Traditional rockets carry empty fuel tanks as "dead weight" throughout their journey. UK researchers are developing "autophage" rockets that consume their own tanks as fuel while flying. This revolutionary technology could dramatically reduce the cost of reaching lunar orbit, challenging everything we know about space travel.
What is an Autophage Rocket?
"Autophage" comes from the Latin word meaning "self-eating." Conventional rockets must continue carrying their empty tanks long after the fuel is consumed. This excess mass, known as "dead weight," has been a major obstacle to efficient space travel.

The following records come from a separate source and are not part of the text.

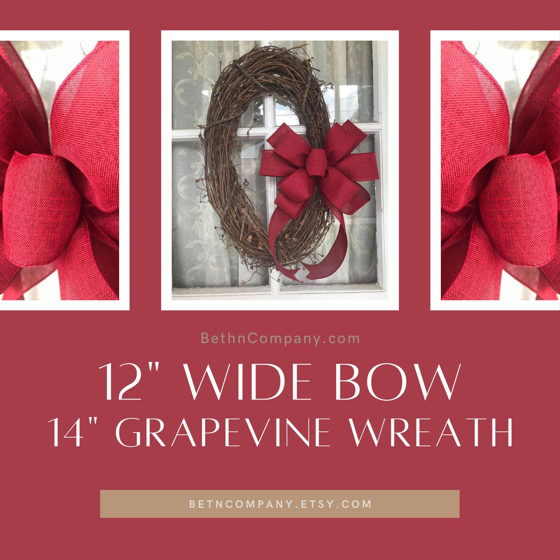 Fall Wreath, Burgundy Linen Bow, Farmhouse wreath, Game Day Bow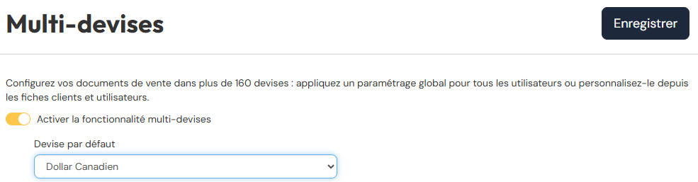 Le multi-devises permet uniquement d'éditer des documents dans une autre devise. Le paramétrage du logiciel, les rapports ainsi que les indicateurs de votre tableau de Bord resteront en Euro.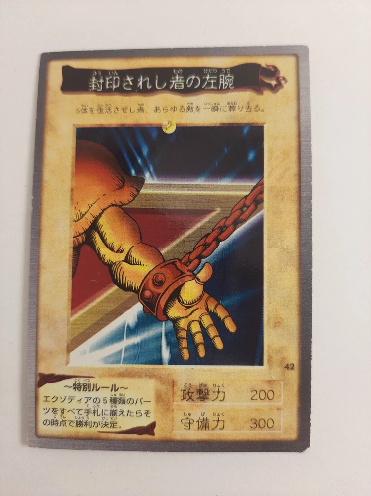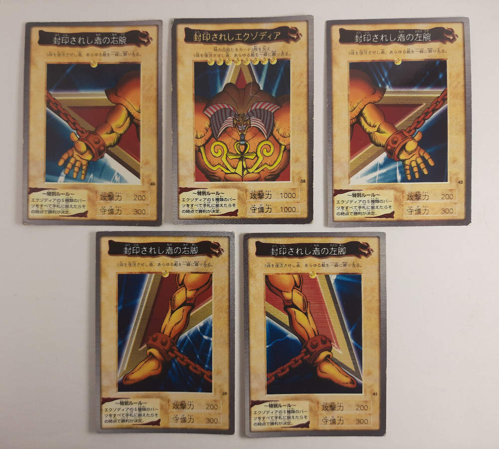 Full 5 Piece set of Exodia the Forbidden one. What you see is what you get so please look at the pictures clearly. not near mint and i wont pretend they are. Feel free to let me know if you want more pictures on any of the cards. from a no smoke no pet home. Packaged with the whole kit and caboodle, sleeved plus top loaders to prevent damage during shipping. so buy with no worries that I can't package it.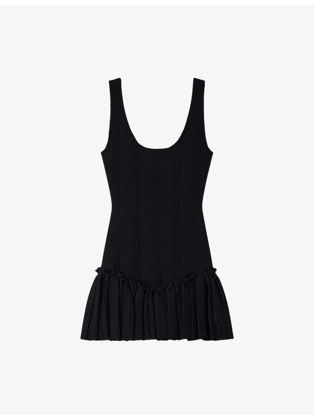 PRODUCT DETAILS - Sandro knitted mini dress - 55% polyamide, 42% viscose, 3% elastane - Slim fit, scoop-neck, sleeveless, ruffle hem - Hand wash - True to size - Model is 5ft 11in/1.80m and wears a size UK 8 - Lightweight, slight stretch Ref: R04618182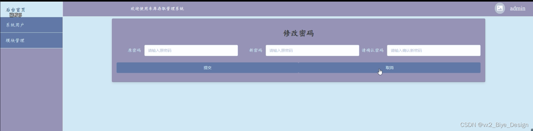 系统管理也都将通过计算机进行整体智能化操作,对于车库存取管理系统所牵扯的管理及数据保存都是非常多的,例如管理员;系统用户(管理员、注册用户)模块管理(车辆信息、车位信息、车辆入场、车辆离场、用户账户、账户充值、收入汇总)等,这给管理者的工作带来了巨大的挑战,面对大量的信息,传统的管理系统,都是通过笔记的方式进行详细信息的统计,后来出现电脑,通过电脑输入软件将纸质的信息统计到电脑上,这种方式比较传统,而且想要统计数据信息比较麻烦,还受时间和空间的影响,所以为此开发了车库存取管理系统;为用户提供了方便管理平台,方便管理员查看及维护,并且可以通过需求进行内容的编辑及维护等;对于用户而言,可以随时进行查询所需信息,管理员可以足不出户就可以获取到系统的数据信息等,而且还能节省用户很多时间,所以开发车库存取管理系统给管理者带来了很大的方便,同时也方便管理员对用户信息进行处理。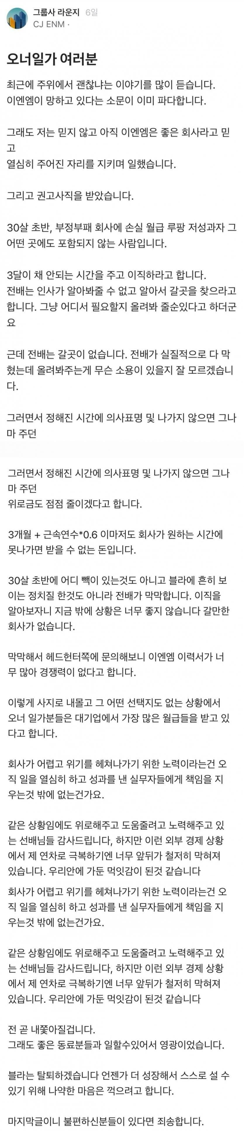 CJ 그룹사 블라인드에 올라온 ENM 구조조정 권고사직 글

The autophage rocket offers a revolutionary solution. It uses waste heat from combustion to sequentially melt its own plastic fuselage, feeding the molten material into the combustion chamber as additional fuel. In other words, the rocket literally "eats itself" as it flies.
The University of Glasgow's "Ouroboros-3" Engine
Leading the charge in making this concept a reality is the research team at the University of Glasgow's James Watt School of Engineering. Their "Ouroboros-3" engine successfully completed test firings in January 2024 at the MachLab facility at Machrihanish Airbase in Scotland.
The engine's name comes from the ancient symbol of a serpent eating its own tail. It uses high-density polyethylene plastic tubing as its autophagic fuel source, burning it alongside the main propellants—a mix of liquid propane and gaseous oxygen. Tests achieved 100 newtons of thrust, demonstrating that the plastic fuselage can supply up to one-fifth of the total propellant.
Professor Patrick Harkness explains: "A conventional rocket's structure makes up between five and 12 percent of its total mass. Our tests show that the Ouroboros-3 can burn a very similar amount of its own structural mass as propellant. If we could make at least some of that mass available for payload instead, it would be a compelling prospect for future rocket designs."
Why "Self-Consumption" is Revolutionary
The Limits of Traditional Rockets
There's a fundamental limit to rocket miniaturization. When you scale down a rocket, the propellant mass decreases, but the mass of tanks and other components doesn't shrink at the same rate. This is called the "Tsiolkovsky wall." It's why rockets have remained essentially the same size since the 1950s.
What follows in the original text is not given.